Activity. Copy, please, the line with "Imperial Ceramic Coated" and each line that follows it through the end of the data below, exactly as given and without pictures.

Supplied information.
━━━━

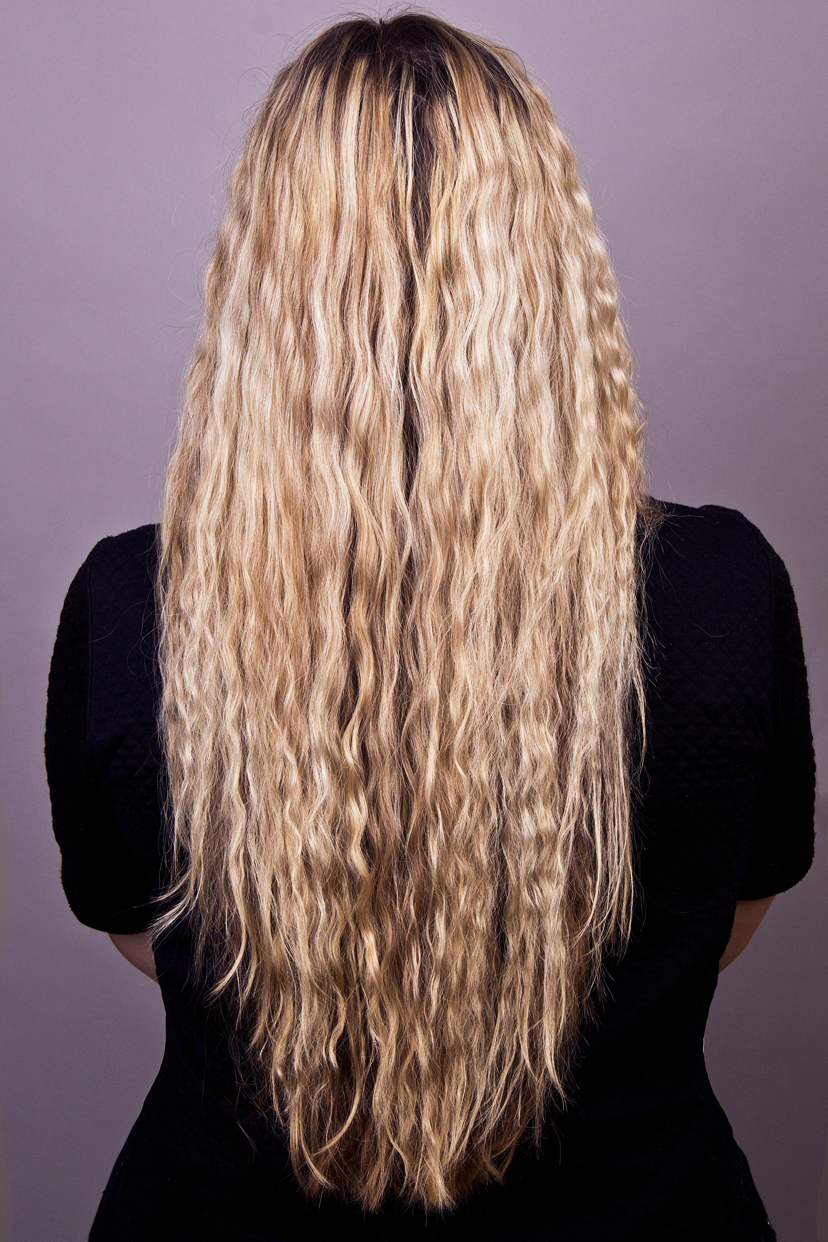 Натуральная база корней (1,5 см) 7 УГТ. Нижне-затылочная и височные зоны: 7 7 УГТ (1,5 см у корней), 8 7 УГТ по длине. Теменная зона – мелирование 10-9 УГТ.
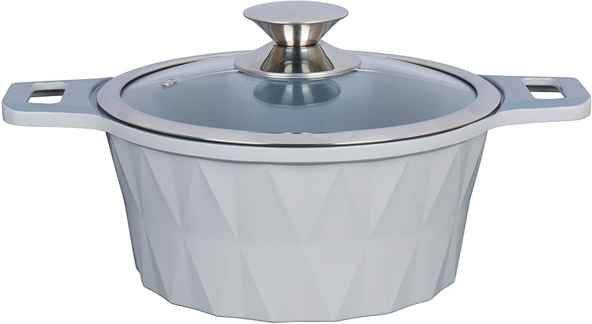 Imperial Ceramic Coated Stockpot, (3QT, 7QT, 10QT, 4.5QT),( Blue, Silver) Diamond Cut, Glass Cover COOKPOT
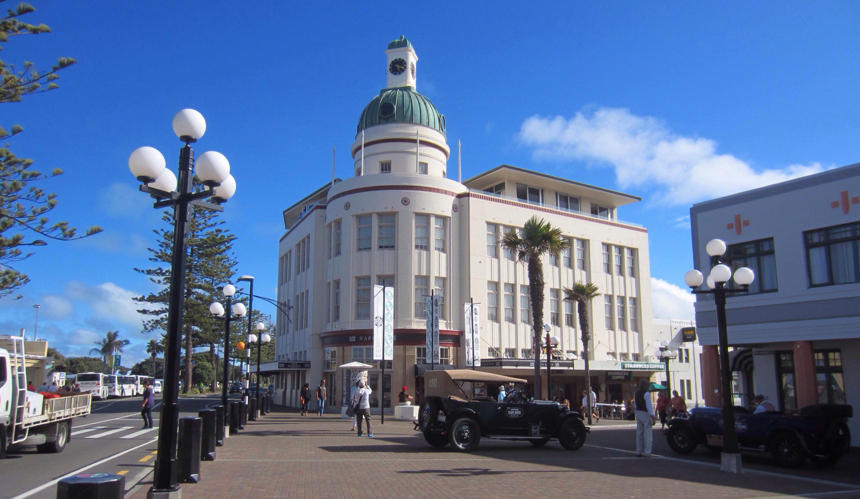Der Tag beginnt unfreundlich mit Regenschauern. Sabine hat die Idee, das schlechte Wetter im Schwimmbad abzuwettern. In Napier finden wir das Aquaric Center und verbringen den Vormittag dort. Dann klart es auf und wir besuchen die Innenstadt.

━━━━

Written reply.
 Imperial Ceramic Coated Stockpot, (3QT, 7QT, 10QT, 4.5QT),( Blue, Silver) Diamond Cut, Glass Cover COOKPOT
Der Tag beginnt unfreundlich mit Regenschauern. Sabine hat die Idee, das schlechte Wetter im Schwimmbad abzuwettern. In Napier finden wir das Aquaric Center und verbringen den Vormittag dort. Dann klart es auf und wir besuchen die Innenstadt.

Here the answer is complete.